Director Sydney Pollack teams up with Robert Redford again in 1979 for an interesting, if weird mix of modern-day Western, media satire and populist romanticism. It teams Redford with Jane Fonda, his 1967 co-star in Barefoot in the Park.
Redford plays a boozy rodeo star called Sonny Steele, who tires of advertising breakfast cereal on stage in Las Vegas, wearing a suit covered in lights. So steals a thoroughbred horse that they are going drug to prevent it being too frisky, and rides off into the desert, heading into the sunset with TV reporter Hallie (Jane Fonda).
Pollack’s ambitious movie manages to be overblown and none too sharp but it is still pleasing and involving nevertheless. It comes off, though it’s always a near thing. Robert Garland’s screenplay works better as a satire on corporations and advertising than as a crowd-pleasing romance between the two stars.

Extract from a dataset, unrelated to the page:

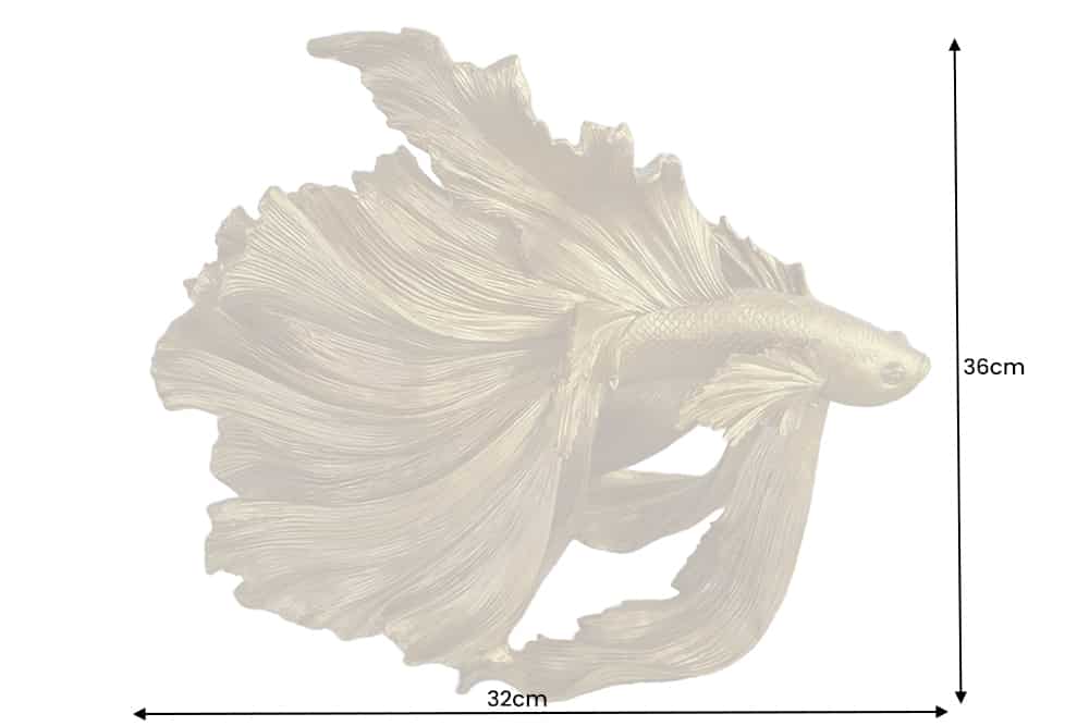 Wij brengen de onderwaterwereld bij u thuis! Het decoratieve object CROWNTAIL in de vorm van een Siamese vechtvis is een absoluut hoogtepunt – of het nu in de woonkamer, hal of badkamer is. Dankzij zijn pompeuze uitstraling is de decoratieve figuur een exclusieve blikvanger voor een extravagante woonsfeer. De ondersteunende vin laat de gouden visdecoratie zweven – bijna alsof de majestueuze vechtvissen door je woonkamer zwemmen! Dankzij het gedetailleerde ontwerp van de visdecoratie zal het gouden beeld een absolute blikvanger in uw huis zijn.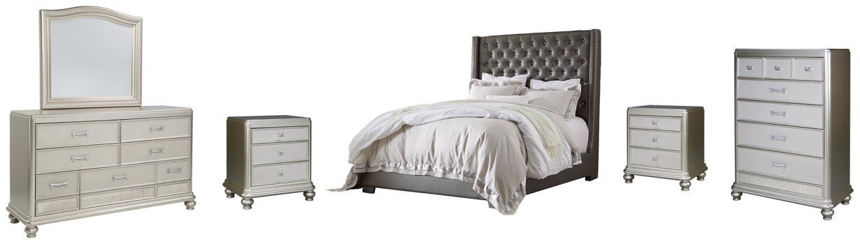 Coralayne Queen Upholstered Bed with Mirrored Dresser, Chest and 2 Nightstands - PKG007776

Especially given her politics, Fonda’s role as reporter Hallie is surprisingly subservient. Can you really imagine her as the little television journalist newswoman who prefers love with Redford’s Sonny Steele to breaking a big good news story?
Also in the cast are Valerie Perrine, Willie Nelson, John Saxon, Nicolas Coster, Allan Arbus, Wilford Brimley, Quinn Redeker, Will Hare, Basil Hoffman, Timothy Scott, James Kline, Frank Speiser and James B Sikking.
Fonda had just played a TV reporter in The China Syndrome (1979).